C'è una società nata nel 2016, la Grandi Stazioni Retail, che è la "concessionaria ufficiale" di tutto il processo ed appartiene al Gruppo Ferrovie dello Stato Italiane. Ci sono anche tante altre realtà che in gruppo o da sole stanno partecipando a questa riqualificazione necessaria e bellissima di uno snodo fondamentale della viabilità nazionale.

Andare in stazione per mangiare

Voler rendere le stazioni ferroviarie un luogo "d'arrivo" e non "di partenza" è un processo partito molti anni fa, che ha avuto uno scatto in avanti nell'ultimo lustro.
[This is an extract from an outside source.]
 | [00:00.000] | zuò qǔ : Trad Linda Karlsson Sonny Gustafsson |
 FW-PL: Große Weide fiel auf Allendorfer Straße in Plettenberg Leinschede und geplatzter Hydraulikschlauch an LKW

Il motivo principale è la riqualificazione, certo, ma questa volontà si regge su un'intuizione meramente economica: nei prossimi anni la mole di viaggiatori su ferro crescerà moltissimo e l'Italia sta facendo enormi investimenti infrastrutturali per migliorare questa esperienza e incoraggiare questo tipo di trasporto. Le food hall vanno così di pari passo che il gruppo delle ferrovie italiane conta di portare a termine il progetto enogastronomico nelle 14 stazioni più grandi entro il 2026, stesso anno in cui dovrebbe terminare il potenziamento del trasporto su ferro. L'amministratore delegato di Grandi Stazioni Retail, Alberto Baldan, ha detto al Sole 24 Ore che per questo progetto "il food è di vitale importanza" perché "il 35% del business riguarda proprio questo settore".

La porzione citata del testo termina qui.